María Peláe (★★★✩✩): scherpe kracht

Een kleine aardbeving trof de regio Baix Empordà – we moeten het haasten om te zeggen, op een aangename manier – afgelopen vrijdagavond. Verantwoordelijk voor het fenomeen was singer-songwriter en performer María Peláe, die volgens de organisatoren optrad op het Porta Ferrada Festival voor een publiek van zo'n 1200 mensen. De in Malaga geboren zangeres trad op met een combo bestaande uit gitaar, drums en keyboard/saxofoon, en een paar palmbomen/achtergrondzangers/dansers, die overigens briljant presteerden (er werd prachtig getapt in Yale, zelfs in de openingsminuten van het concert).

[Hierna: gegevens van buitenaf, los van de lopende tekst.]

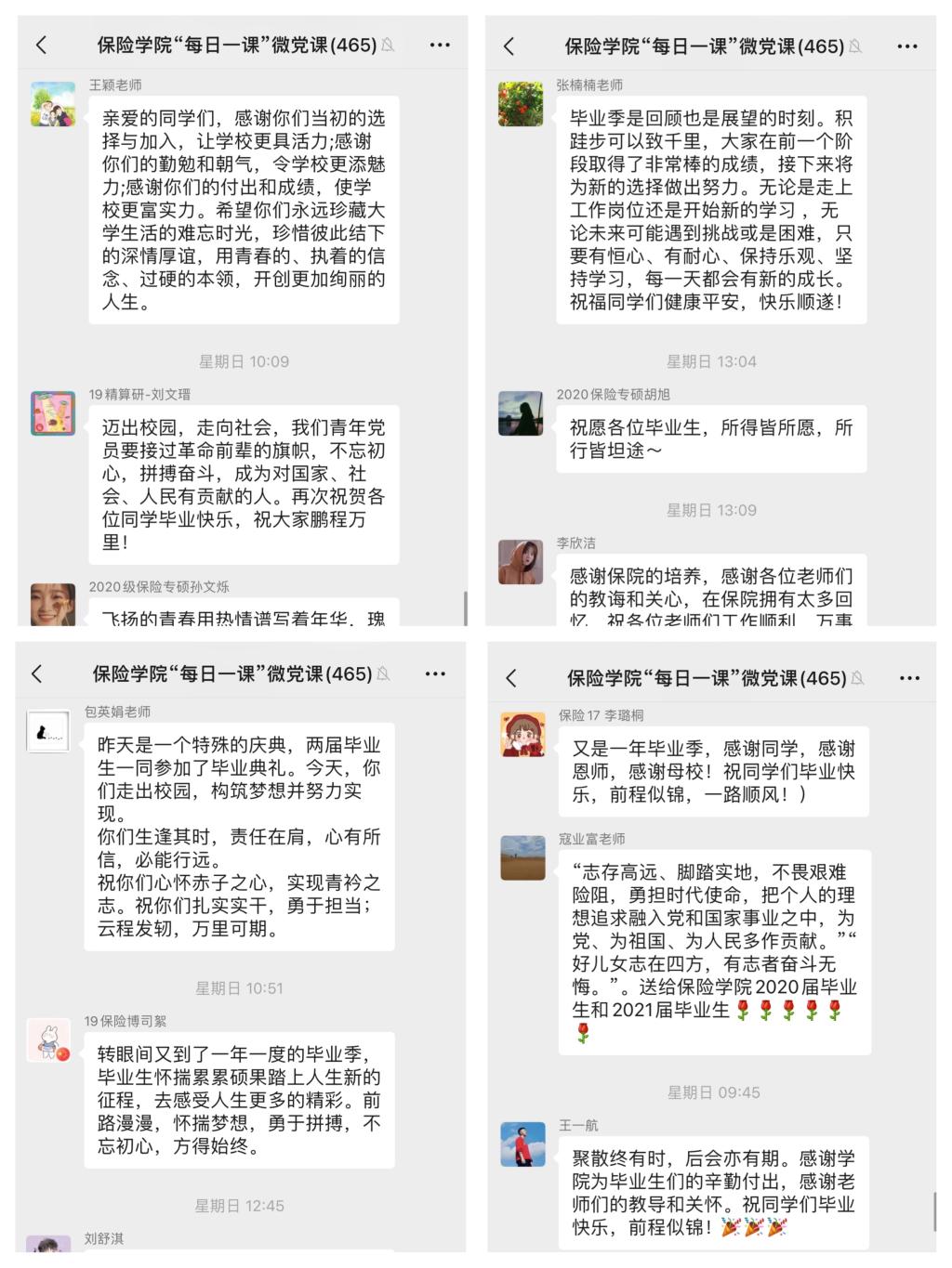 7月3日,学院在“每日一课”微党课平台开展“毕业寄语 祝福相送”活动,由学院团委书记吴蓓老师带来主题为《愿你乘风归来,愿你一路顺风——送给2021届和2020届毕业生》的寄语,她讲到,希望大家能永怀赤子之心,传承中财大“红色基因”“筚路蓝缕”“财经黄埔”三色精神,在工作中砥砺前进,在学习中勇攀高峰。师生党员纷纷互动留言,将不舍和感激付诸笔尖。
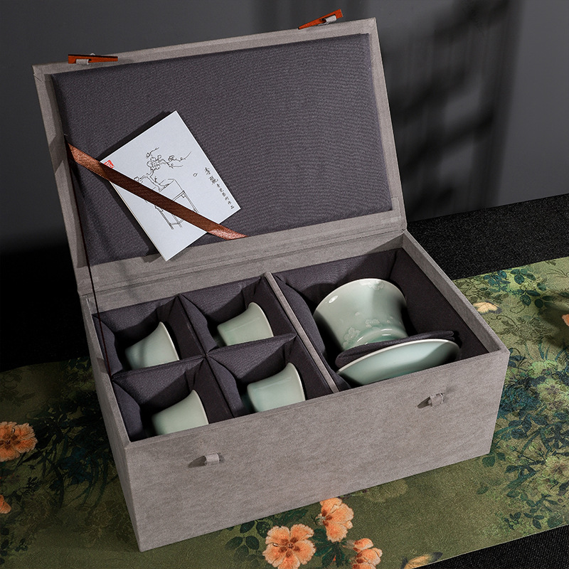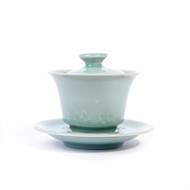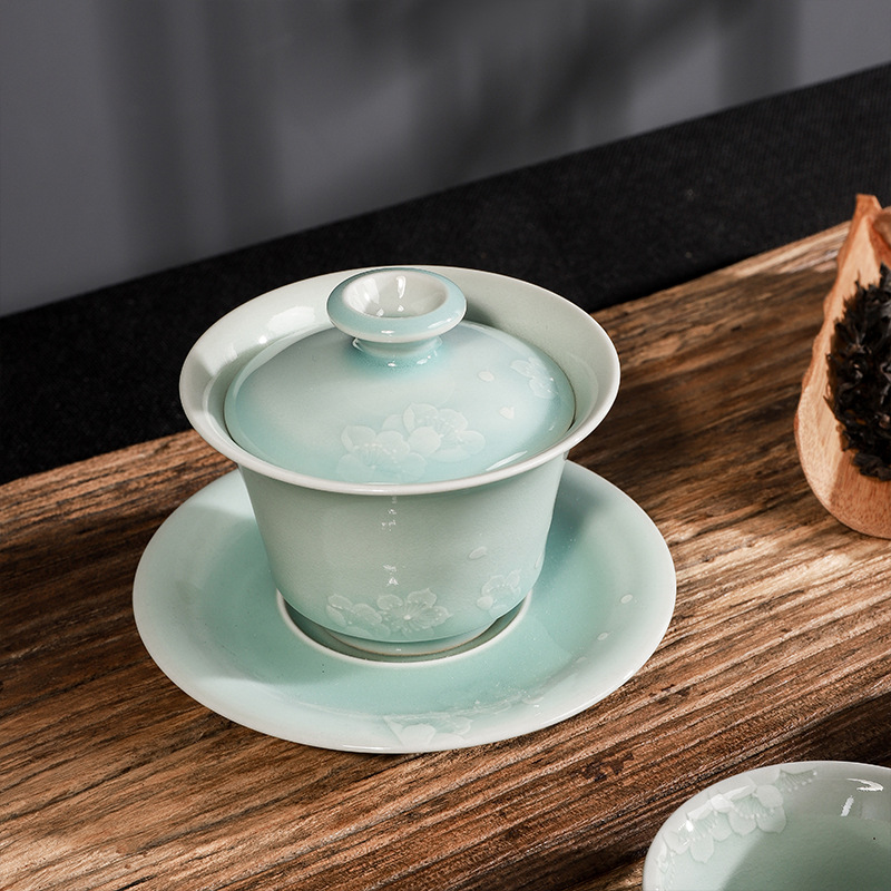 青瓷功夫茶具套装陶瓷盖碗泡茶壶茶杯洗茶道干泡盘整套轻奢复古
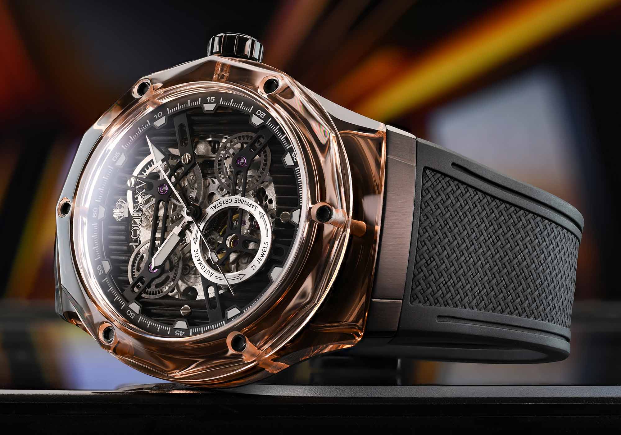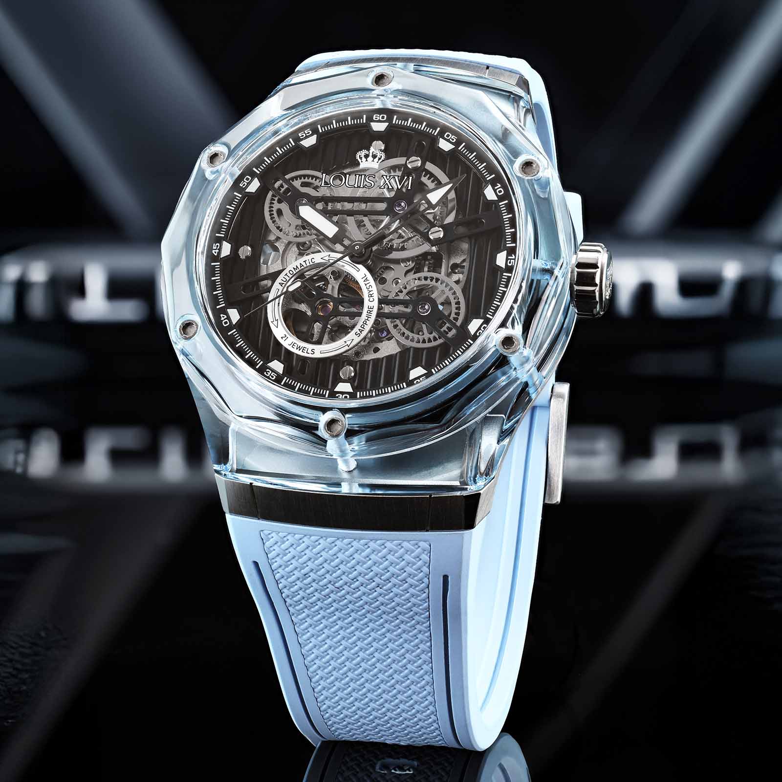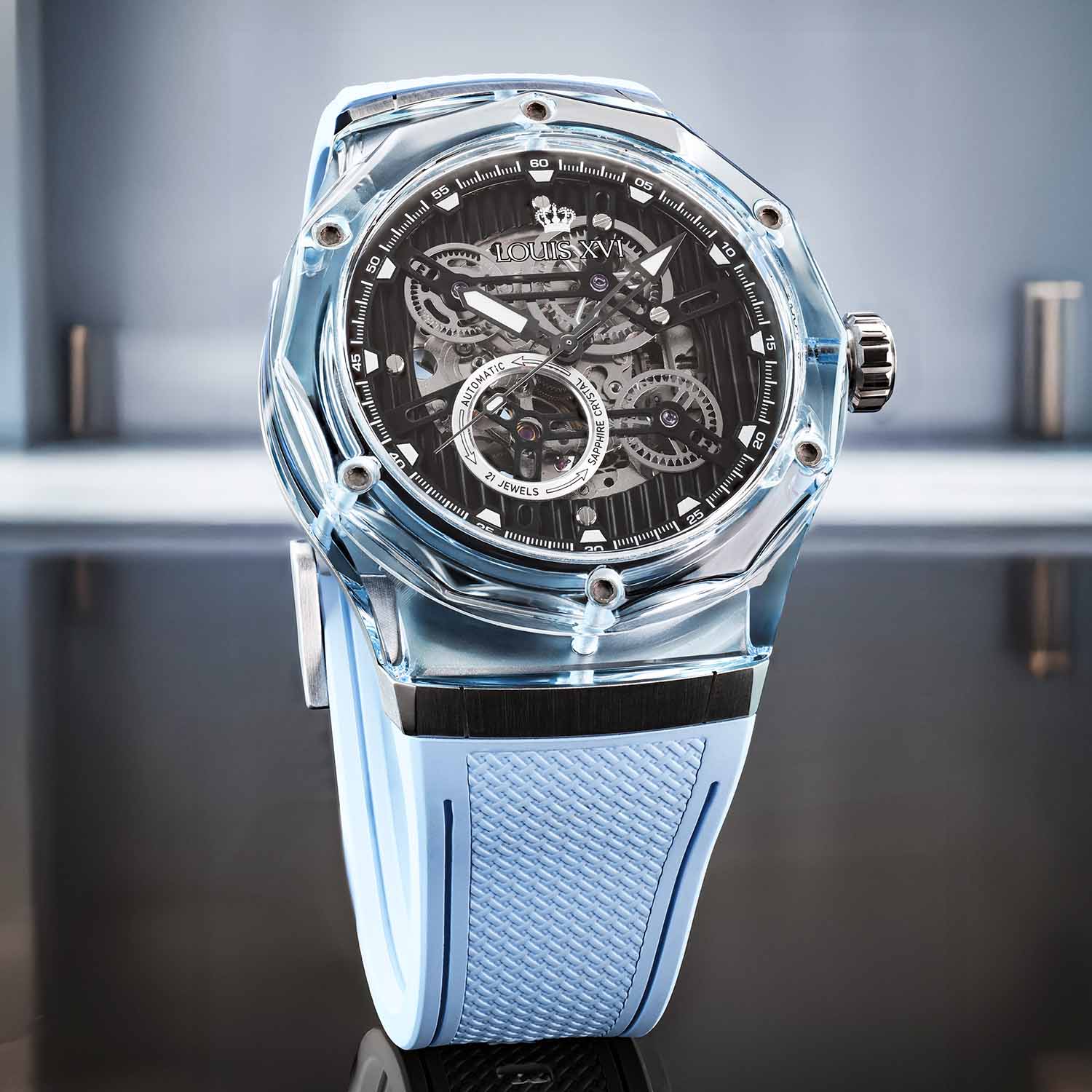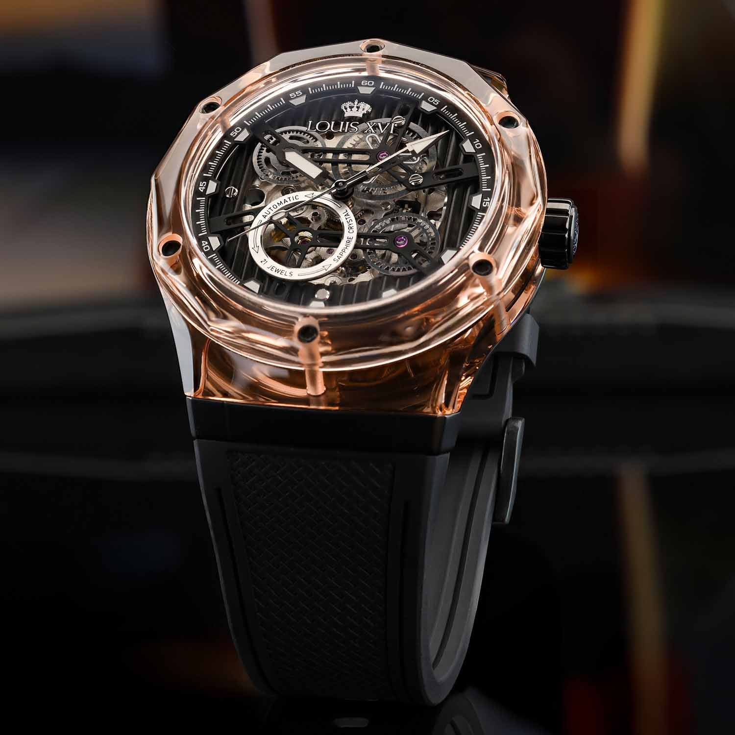 Optik ve mimariden bilinen bu malzeme, tamamen yeni bir boyut açıyor. Şeffaflık, ışık oyunu ve derinlik başka hiçbir saatin sunamayacağı bir estetiğe dönüşüyor. Bileğin her hareketi kasayı farklı bir şekilde parlatıyor – bazen net, bazen renk yoğun, her zaman benzersiz.

María Peláe (★★★✩✩)Plaats en datum: Guíxols Arena (St. Feliu de Guíxols) (8/8/2025)María Peláe presenteerde haar nieuwste album, El Evangelio , een prachtige, op flamenco gebaseerde oefening die pop, urban invloeden en Latijns-Amerikaanse invloeden combineert, waarvan ze de inhoud combineerde met meer historische thema's. Dit is onder andere het geval met de onmisbare nummers La niña en Que vengan a por mí , nummers die bijzonder toepasselijk zijn in tijden als deze, waarin reactionairen terrein winnen.
Sommigen noemen Peláe de millennial Lola Flores. Hoewel deze labels altijd wat geforceerd zijn, zit er wel een kern van waarheid in. Vooral wanneer ze in flamencostijl rapt met een snelheid van 100 kilometer per minuut (een geweldige start met "La perra de Despeñaperros " bijvoorbeeld). Andere vooraanstaande dames uit de scene, zoals María Jiménez en vooral Rocío Jurado (aan wie ze tegen het einde van de show een medley opdroeg), zijn ook inspiratiebronnen die ons treffen terwijl we genieten van een optreden dat bovendien wordt gekenmerkt door de scherpe teksten en de even scherpe humor die de show kenmerkte. Durf en connectie, kracht en de airs van bulería, tanguillo en rumba maakten deel uit van de avond. Hoogtepunten waren onder meer het aanstekelijke en even wraakzuchtige "Santoral ", de Latijnse tumbaos die het heropende "Letra menúa " sierden en het zeer "dramatische en lesbische" "Me duelen los ojos ", in de eigen woorden van de zanger. En laten we The Key to the Sea niet vergeten, in een meer ontspannen toonsoort, hoewel het hoogtepunt een intense danscoda is.
De tweede artiest van de avond, Antoñito Molina, was conventioneler.Conventioneler was de tweede artiest van de avond, Antoñito Molina, die qua stem niets te maken had met Soy Minero , en die zich mengde in een overwegend popachtige coördinaat met flamenco-flitsen. Een muzikaal discours met weinig pit, toegankelijk maar in ieder geval effectief, dat zich uitte in nummers als Me subo por las paredes , het gevitamineerde Ya no me muero por nadie of het laatste Por si mañana , evenals een passage over No estamos locos van Ketama.